◆ PROBLEM TO SOLVE: Find every line below with the word "tour" in it, and copy each one.

◆ RECORDS SUPPLIED:
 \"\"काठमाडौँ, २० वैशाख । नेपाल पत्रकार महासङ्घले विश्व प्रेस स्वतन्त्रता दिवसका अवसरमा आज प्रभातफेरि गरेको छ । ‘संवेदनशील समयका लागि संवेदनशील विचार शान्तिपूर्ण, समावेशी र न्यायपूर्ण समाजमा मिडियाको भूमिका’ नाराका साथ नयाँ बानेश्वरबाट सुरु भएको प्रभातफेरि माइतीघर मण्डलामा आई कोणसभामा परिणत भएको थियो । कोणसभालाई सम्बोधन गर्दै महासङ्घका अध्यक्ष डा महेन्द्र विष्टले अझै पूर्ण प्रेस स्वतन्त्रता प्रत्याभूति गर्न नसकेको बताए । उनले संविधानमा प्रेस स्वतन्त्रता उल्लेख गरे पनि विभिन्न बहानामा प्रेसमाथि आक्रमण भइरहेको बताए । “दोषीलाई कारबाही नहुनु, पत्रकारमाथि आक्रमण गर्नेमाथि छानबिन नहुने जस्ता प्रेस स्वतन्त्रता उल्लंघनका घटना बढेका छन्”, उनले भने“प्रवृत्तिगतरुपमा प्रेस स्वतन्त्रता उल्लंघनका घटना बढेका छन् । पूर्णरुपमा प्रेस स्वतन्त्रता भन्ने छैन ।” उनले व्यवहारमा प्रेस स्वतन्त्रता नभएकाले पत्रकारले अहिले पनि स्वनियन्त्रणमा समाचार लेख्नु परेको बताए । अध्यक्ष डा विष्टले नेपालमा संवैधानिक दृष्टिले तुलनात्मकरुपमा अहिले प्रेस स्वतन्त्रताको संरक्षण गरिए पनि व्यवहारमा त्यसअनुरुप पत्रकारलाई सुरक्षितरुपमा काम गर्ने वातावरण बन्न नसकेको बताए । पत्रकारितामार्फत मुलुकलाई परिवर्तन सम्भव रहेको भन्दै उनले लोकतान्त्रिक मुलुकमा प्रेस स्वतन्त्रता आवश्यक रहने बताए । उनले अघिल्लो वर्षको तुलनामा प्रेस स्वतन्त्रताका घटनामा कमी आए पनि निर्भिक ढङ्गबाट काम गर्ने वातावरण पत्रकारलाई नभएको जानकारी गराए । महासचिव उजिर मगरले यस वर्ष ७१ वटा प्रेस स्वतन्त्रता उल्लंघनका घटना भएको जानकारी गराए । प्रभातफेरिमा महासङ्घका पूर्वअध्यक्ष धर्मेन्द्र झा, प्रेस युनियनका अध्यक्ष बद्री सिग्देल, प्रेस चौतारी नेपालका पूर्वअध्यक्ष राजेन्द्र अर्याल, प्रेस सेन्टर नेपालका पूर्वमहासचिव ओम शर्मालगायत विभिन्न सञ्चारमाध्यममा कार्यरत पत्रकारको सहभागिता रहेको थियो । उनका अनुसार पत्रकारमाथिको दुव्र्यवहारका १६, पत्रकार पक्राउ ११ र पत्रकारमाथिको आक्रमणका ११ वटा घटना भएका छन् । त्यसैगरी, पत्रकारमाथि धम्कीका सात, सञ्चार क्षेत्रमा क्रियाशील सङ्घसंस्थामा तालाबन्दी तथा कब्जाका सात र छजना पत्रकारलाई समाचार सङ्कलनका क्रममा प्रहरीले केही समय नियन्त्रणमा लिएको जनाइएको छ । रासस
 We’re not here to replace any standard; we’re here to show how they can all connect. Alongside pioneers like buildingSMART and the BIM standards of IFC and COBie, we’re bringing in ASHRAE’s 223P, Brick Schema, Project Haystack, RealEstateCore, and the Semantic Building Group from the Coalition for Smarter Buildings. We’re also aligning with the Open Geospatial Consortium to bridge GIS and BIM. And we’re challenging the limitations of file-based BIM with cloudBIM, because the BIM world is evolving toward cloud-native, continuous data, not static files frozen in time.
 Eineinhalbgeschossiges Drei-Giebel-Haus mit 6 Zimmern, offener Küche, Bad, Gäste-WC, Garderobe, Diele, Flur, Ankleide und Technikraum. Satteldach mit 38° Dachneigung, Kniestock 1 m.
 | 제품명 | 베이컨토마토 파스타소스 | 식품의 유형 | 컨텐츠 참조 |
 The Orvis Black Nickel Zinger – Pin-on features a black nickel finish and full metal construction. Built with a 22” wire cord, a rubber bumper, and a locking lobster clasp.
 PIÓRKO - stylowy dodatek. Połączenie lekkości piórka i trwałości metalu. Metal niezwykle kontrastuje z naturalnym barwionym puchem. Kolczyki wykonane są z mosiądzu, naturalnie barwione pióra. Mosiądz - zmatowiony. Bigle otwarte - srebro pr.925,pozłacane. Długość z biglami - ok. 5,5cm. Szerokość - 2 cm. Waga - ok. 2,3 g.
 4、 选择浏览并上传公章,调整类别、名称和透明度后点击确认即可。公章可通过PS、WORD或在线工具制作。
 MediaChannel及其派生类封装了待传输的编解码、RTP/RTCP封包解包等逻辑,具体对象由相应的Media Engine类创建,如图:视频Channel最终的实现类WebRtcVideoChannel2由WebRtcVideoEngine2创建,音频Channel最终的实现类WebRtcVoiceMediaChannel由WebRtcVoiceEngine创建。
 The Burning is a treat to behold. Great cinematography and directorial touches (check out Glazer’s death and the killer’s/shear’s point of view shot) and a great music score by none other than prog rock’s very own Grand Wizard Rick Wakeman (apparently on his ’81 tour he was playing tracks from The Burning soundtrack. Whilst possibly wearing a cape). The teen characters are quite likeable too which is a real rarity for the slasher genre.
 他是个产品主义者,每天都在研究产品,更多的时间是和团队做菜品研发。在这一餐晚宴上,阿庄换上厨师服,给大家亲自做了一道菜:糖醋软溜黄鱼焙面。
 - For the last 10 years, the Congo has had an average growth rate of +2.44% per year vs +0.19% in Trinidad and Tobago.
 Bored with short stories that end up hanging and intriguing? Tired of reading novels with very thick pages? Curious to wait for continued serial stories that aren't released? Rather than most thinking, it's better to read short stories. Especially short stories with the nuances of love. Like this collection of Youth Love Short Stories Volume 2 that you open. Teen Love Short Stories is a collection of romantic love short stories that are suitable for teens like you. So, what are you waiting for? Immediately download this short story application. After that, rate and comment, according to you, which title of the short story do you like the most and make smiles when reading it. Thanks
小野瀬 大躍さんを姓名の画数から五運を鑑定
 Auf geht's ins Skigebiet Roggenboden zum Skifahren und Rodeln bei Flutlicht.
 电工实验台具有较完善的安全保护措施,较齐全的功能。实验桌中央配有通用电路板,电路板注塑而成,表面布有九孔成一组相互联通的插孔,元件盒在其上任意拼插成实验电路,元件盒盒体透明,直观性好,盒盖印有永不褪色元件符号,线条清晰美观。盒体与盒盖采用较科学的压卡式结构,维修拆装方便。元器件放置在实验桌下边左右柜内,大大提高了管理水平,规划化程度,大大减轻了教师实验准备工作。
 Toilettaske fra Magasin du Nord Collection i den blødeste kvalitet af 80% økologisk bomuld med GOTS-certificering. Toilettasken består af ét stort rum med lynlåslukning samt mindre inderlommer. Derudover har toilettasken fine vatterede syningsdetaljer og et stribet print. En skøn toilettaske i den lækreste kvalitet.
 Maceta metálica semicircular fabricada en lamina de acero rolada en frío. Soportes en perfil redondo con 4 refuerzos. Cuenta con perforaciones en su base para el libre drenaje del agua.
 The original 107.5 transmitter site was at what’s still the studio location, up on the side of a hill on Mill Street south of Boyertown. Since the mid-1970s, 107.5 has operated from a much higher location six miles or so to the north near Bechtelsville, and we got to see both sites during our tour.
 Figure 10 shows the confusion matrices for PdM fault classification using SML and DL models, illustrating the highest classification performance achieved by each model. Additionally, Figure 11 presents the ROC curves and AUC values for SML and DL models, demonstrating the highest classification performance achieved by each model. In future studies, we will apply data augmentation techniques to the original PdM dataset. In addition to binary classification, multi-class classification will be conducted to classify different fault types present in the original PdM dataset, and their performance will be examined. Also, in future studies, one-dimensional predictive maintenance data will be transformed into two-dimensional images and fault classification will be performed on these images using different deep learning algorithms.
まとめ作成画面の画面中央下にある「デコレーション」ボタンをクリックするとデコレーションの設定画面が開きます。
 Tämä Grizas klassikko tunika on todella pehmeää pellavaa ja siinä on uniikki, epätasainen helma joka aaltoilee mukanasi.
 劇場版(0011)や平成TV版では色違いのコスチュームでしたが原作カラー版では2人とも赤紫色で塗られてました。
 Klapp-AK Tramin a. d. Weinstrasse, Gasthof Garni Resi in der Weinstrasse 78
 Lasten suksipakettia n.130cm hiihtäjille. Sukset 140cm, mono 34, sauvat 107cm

◆ RESPONSE:
 The Burning is a treat to behold. Great cinematography and directorial touches (check out Glazer’s death and the killer’s/shear’s point of view shot) and a great music score by none other than prog rock’s very own Grand Wizard Rick Wakeman (apparently on his ’81 tour he was playing tracks from The Burning soundtrack. Whilst possibly wearing a cape). The teen characters are quite likeable too which is a real rarity for the slasher genre.
 The original 107.5 transmitter site was at what’s still the studio location, up on the side of a hill on Mill Street south of Boyertown. Since the mid-1970s, 107.5 has operated from a much higher location six miles or so to the north near Bechtelsville, and we got to see both sites during our tour.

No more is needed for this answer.